Sometimes It's Not The Database

The other day for Meme Monday I put together a list of 9 Things That Go Wrong With SQL Server That Aren't The Disk.  That got me to thinking about the old "It's the database" stand-by for when The Application isn't working right.  Many of us have been there... The Application is acting up, and the knee-jerk response by the development or support team is, "it's the database"
The Database... Seriously?

The frustrating thing with this is when the problem is found to lie in The Application or in the computing infrastructure, as it often is, but all the business stakeholders remember hearing was "it's the database."

Then there are the few cases when it's true... a broken clock is right twice a day, after all.  This happens just often enough that the other support and infrastructure teams sometimes actively refuse to do any troubleshooting unless, and until, the DBA can prove that the problem lies with a non-database component.  Cross-discipline troubleshooting/resolution team?  Not when it's obviously the database

I was at a shop that recently had some recurring database connectivity issues with helpful error messages like "SQL Server Does Not Exist Or Access Denied", "Timeout Expired" and "General Network Error."  Now, you know where the finger points when the words "SQL Server" appear in an error message.

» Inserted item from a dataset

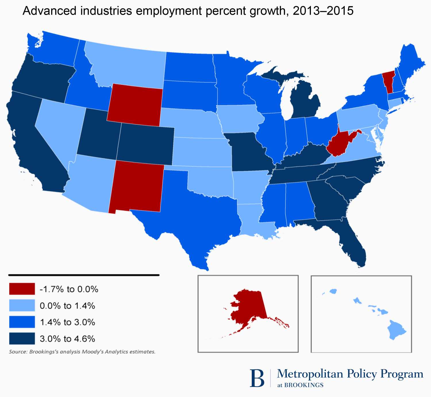 So how, then, are America’s advanced industries doing? A new analysis of the growth and geography of the sector’s 50 industries covering the period from late 2013 to late 2015 finds that multiple high-tech service industries were booming as a “new normal” set in even as growth in advanced manufacturing and energy industries slowed slightly or in the latter case ceased.

So the database team dutifully combed event logs, performance monitor and server side trace data, and was able to demonstrate pretty conclusively that nothing was wrong with the database or the server it was on.  Till the next time The Application got busy and started throwing errors, when they had to do it all over again.

What it ultimately came down to was the owners of The Application server had turned off connection pooling while troubleshooting an installation issue weeks earlier.  It turns out that, by default, Windows only allows 4000 sockets (ports) per destination IP address.  With the amount of database server traffic generated by the application server -- it had recently been "consolidated" -- they were able to hit that threshold pretty reliably.

Microsoft has a KB article on considerations for servers with connection pooling disabled that describes this nicely:
If you rapidly open and close 4000 sockets in less than 4 minutes, you will reach the default maximum setting for client anonymous ports, and new socket connection attempts fail until the existing set of TIME_WAIT sockets times out.
After weeks of recurring connection errors with the word "SQL Server" in them, the connection pooling issue was quietly fixed by upping the socket limit to some random number like 65535 :) and The Application performance returned to normal.  I'm sure you can guess the words that were never spoken to the business stakeholders... "It's Not The Database."

02 May 2011

Meme Monday: It's not the disk!

Thomas LaRock, aka @SQLRockstar (not THAT rock-star), has a fun way to get the blog month started: Meme Monday.  This month, it's just a list of 9 things we frequently see go wrong with a database server that are NOT related to disk issues.

In no particular order...

9. Good old boys
8. "It's just like a spreadsheet" database design
7. Out of date statistics 
6. Improperly partitioned tables (see 7 above)
5. Good old boys
4. Microsoft patches
3. Vendor software
2. Internally developed software
1. Good old boys

I couldn't believe the number of disk related problems that kept coming to mind while putting this nod-disk related list together - especially when considering the SAN as a black-box hard disk.

You may have noticed that Good old boys made the list slightly more than once.  Unfortunately, that is based on years of direct observation.  I'm even going to manufacture a statistic to support its frequency in the list:

Nearly 60% of production database outages are, directly or indirectly, caused by the incompetence fostered by Good old boy cronyism...  and that's NOT the disk.